Rate limiting is one of those features that feels boring until your API gets hammered. Adding it early is much cheaper than retrofitting it after an incident.

What and Why

Rate limiting caps how many requests a single client can make in a window of time. It protects you from abusive clients, runaway loops in your own front-end, and surprise costs from downstream services. It also gives you a clear contract: “100 requests per minute per API key” is easier to support than “be reasonable.”

Mental Model

Three algorithms cover almost every use case. A fixed window counts requests in discrete intervals (the cheap default). A sliding window smooths the edges so a burst at the boundary cannot use two windows at once. A token bucket refills at a steady rate and allows controlled bursts. Most libraries pick one and expose it as a decorator or middleware.

Storage matters too. In-memory counters work on a single process; Redis (or another shared store) is required as soon as you run more than one worker.

Hands-on Example

slowapi is the most popular FastAPI integration. With Redis as backend:

from fastapi import FastAPI, Request, Depends
from slowapi import Limiter, _rate_limit_exceeded_handler
from slowapi.errors import RateLimitExceeded
from slowapi.util import get_remote_address

limiter = Limiter(
    key_func=get_remote_address,
    storage_uri="redis://localhost:6379",
    default_limits=["100/minute"],
)

app = FastAPI()
app.state.limiter = limiter
app.add_exception_handler(RateLimitExceeded, _rate_limit_exceeded_handler)

@app.get("/public")
@limiter.limit("10/minute")
async def public(request: Request):
    return {"ok": True}

def user_key(request: Request) -> str:
    user = request.headers.get("X-API-Key", "")
    return user or get_remote_address(request)

@app.post("/expensive")
@limiter.limit("5/minute", key_func=user_key)
async def expensive(request: Request):
    return {"queued": True}

Each request derives a key (IP or API key), looks up the counter in Redis, increments it, and either passes through or returns 429 with Retry-After.

When a client exceeds its limit, slowapi returns 429 Too Many Requests with a Retry-After header.

Common Pitfalls

The first pitfall is using get_remote_address behind a proxy. Without X-Forwarded-For handling, every request looks like it came from the load balancer, and you rate-limit yourself off the internet. Configure your reverse proxy to pass the client IP and read it with request.client.host only after Uvicorn’s --proxy-headers is enabled.

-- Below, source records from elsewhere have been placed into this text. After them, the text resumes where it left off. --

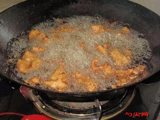 把鍋洗干凈燒熱,倒入適量的食用油,待油溫6成熱的時候轉中火,再把調好的肉片放入到油鍋中,等到肉片炸至定型后進行翻面,鍋中的肉片一次性不要炸的太多,不然肉片會連在一起,等到鍋中的肉片炸至兩面微黃后,就可以撈出來了。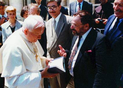 На аудиенции у римского первосвященника. Папа разглядывает книгу своих произведений, переведенных на русский.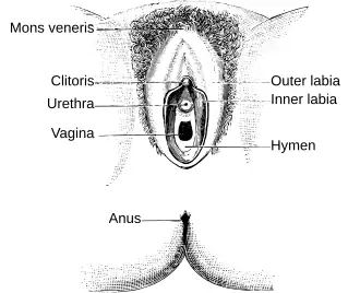 The hymen is a thin piece of mucosal tissue that surrounds or partially covers the vaginal opening. A small percentage of females are born with hymens that are imperforate and completely obstruct the vaginal canal. It forms part of the vulva and is similar in structure to the vagina.[1][2] The word is from the Greek ὑμήν meaning a thin skin or membrane.[3]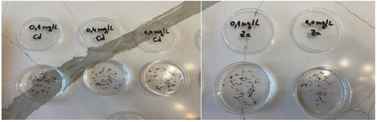 After 42 h of incubation in polluted freshwater with different metal concentrations, the first neonates began to emerge. Figure 2 shows some of the experimental conditions used.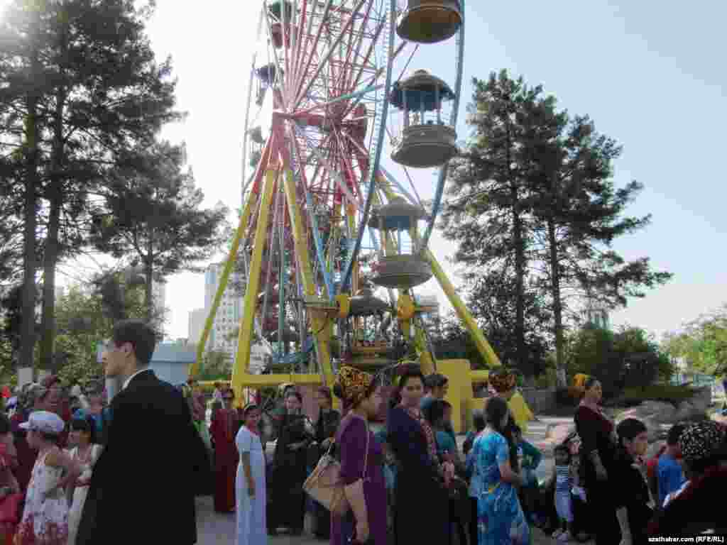 Aşgabatdaky "Ertekiler dünýäsi" seýilgähinden suratlar. Dynç günleri, il içinde "disneýlend" hem diýlip atlandyrylýan bu seýilgähe gelýän adamlaryň sany has-da köp bolýar.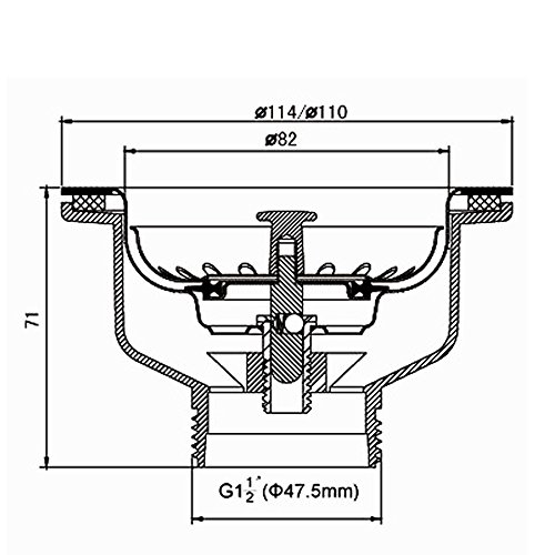 排水栓上ところの直径は110/114mm シンクの穴は83mm~90mmに適応します

The second is in-memory storage with multiple workers. Each worker maintains its own counter, so a “10/minute” limit becomes “10 per worker per minute.” Use Redis.

The third is limiting the wrong key. Limiting by IP punishes shared networks (offices, mobile carriers). Prefer API keys or authenticated user IDs where you have them, with IP as a fallback.

The fourth is forgetting to expose limit info. Clients cannot back off intelligently without X-RateLimit-Limit, X-RateLimit-Remaining, and Retry-After headers.

Practical Tips

Set generous defaults globally and tighter limits on expensive routes individually. Whitelist internal services by checking a header or source IP before the limiter. Log 429s so you can spot abusive patterns and legitimate clients who need a higher tier.

For very high traffic, consider doing rate limiting at the edge (NGINX, Cloudflare, or your API gateway) and using FastAPI’s limiter only as a safety net.

Wrap-up

Rate limiting in FastAPI is mostly about choosing a sensible algorithm, picking a stable key per client, and using a shared store from day one. Get the basics right and you have a calmer API, happier users, and a much quieter on-call rotation.